3.   The father's parental rights were also terminated; he did not appeal.

4.   Finding of fact 150 refers to the girls having disclosed “physical and sexual abuse they had been subjected to while in the care of” the mother and the father. But the social worker testimony that the judge cited as the basis for this finding does not refer to any such disclosures; it refers only to the girls’ engaging in sexualized behaviors. The finding of sexual abuse of the girls was clearly erroneous. The judge's conclusions of law, however, refer in the alternative to the girls having been “subjected to sexual abuse or witnessed inappropriate sexual conduct” (emphasis added). The mother does not argue that the finding of the girls’ having witnessed inappropriate sexual conduct is clearly erroneous. We thus conclude that the erroneous portion of finding 150 had no material impact on the judge's decision.

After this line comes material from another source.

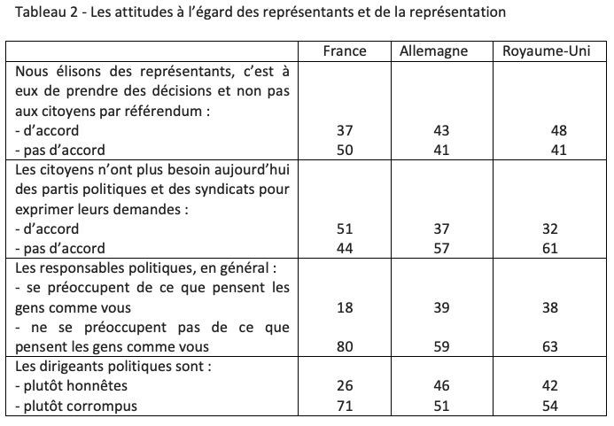 Ces attitudes de défiance à l’égard des institutions et du fonctionnement de la démocratie peuvent s’analyser comme une mise en cause du régime représentatif lui-même (tableau 2). Il faut d’abord remarquer que la critique des représentants est générale. Elle est cependant plus marquée en France. En particulier, les Français sont nettement plus nombreux à estimer n’avoir besoin ni des partis ni des syndicats pour exprimer leurs demandes. Ce rejet des représentants et des organisations traduit une sorte d’anomie politique en France qui s’est exprimée dans le mouvement des Gilets jaunes.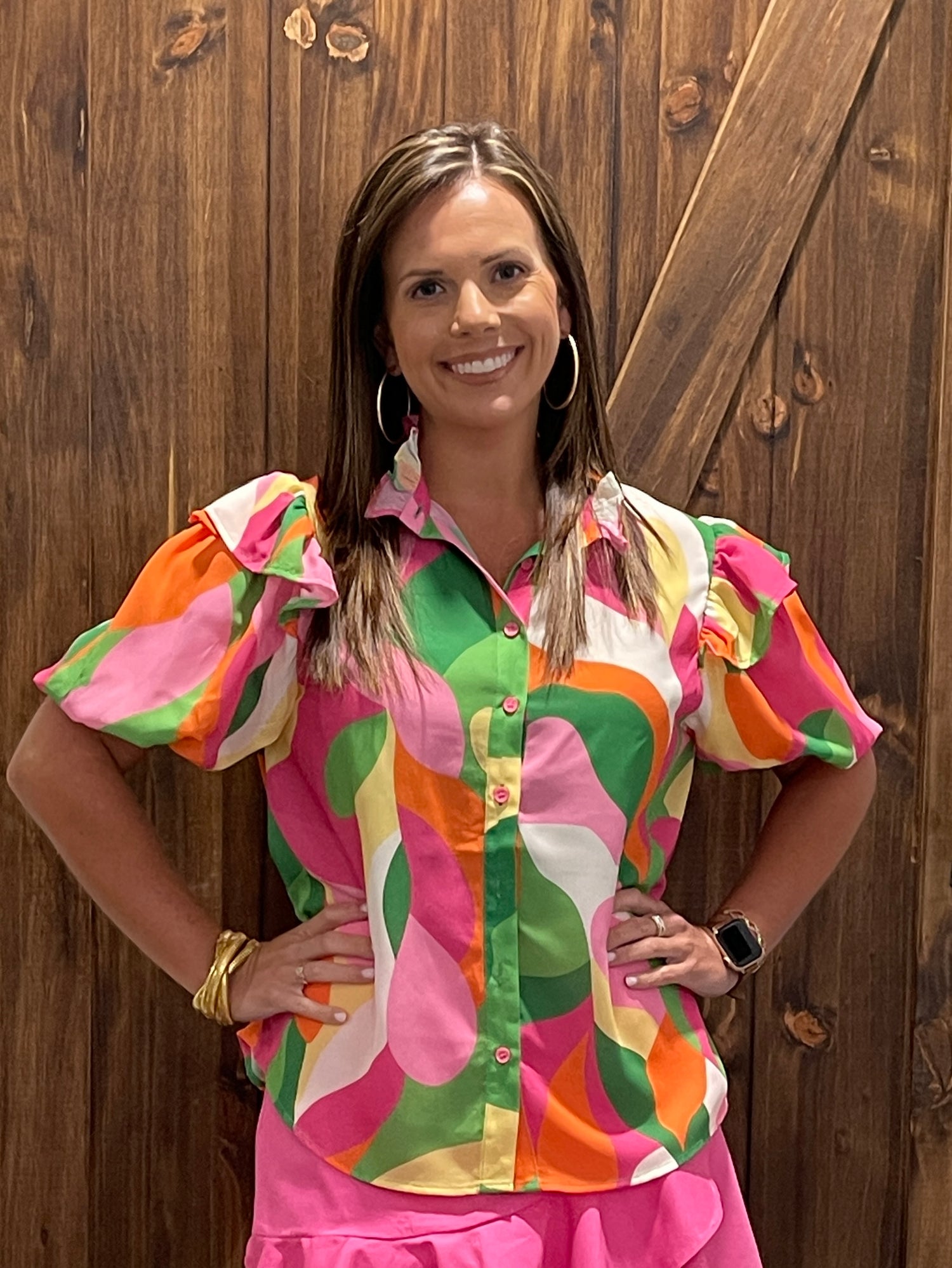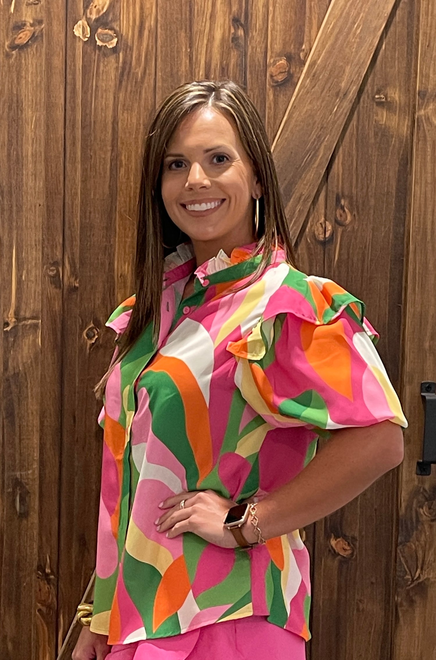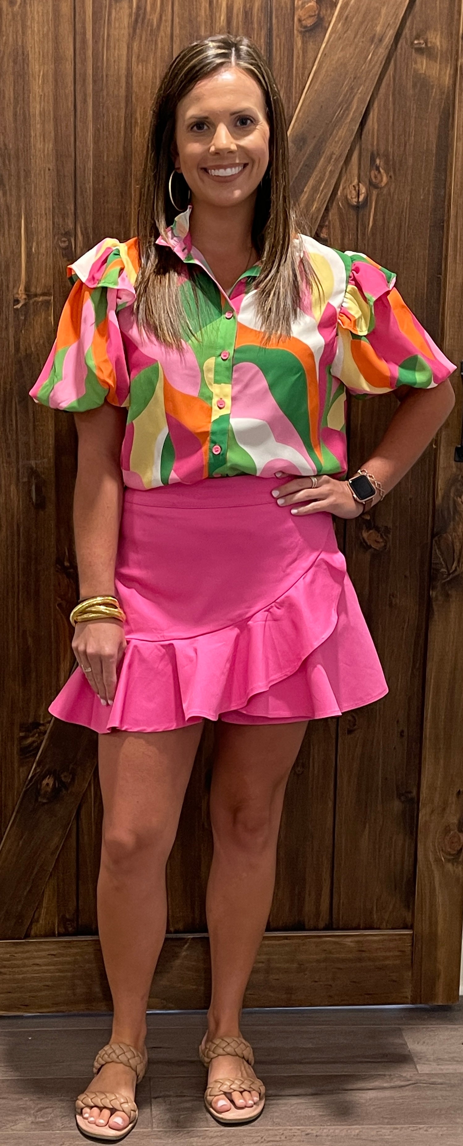 Perfect to throw on after a day at the beach, this woven top is all about island vibes. Featuring a high neckline with ruffle edge, short puff sleeve with ruffled top and button down, this style is sure to be your new favorite. I have it paired with the Twill Skort in pink!

5.   The report stated in part: “Since being in placement the children have gone through various transitional struggles. Violet tends to experience more emotional dysregulation than Lisa. Violet's behaviors present as clinginess, crying, begging to go home or begging not to leave; also begging family members not to leave.”

6.   See Custody of Vaughn, 422 Mass. 590, 595 (1996) (noting that child who witnesses domestic violence “suffers a distinctly grievous kind of harm”).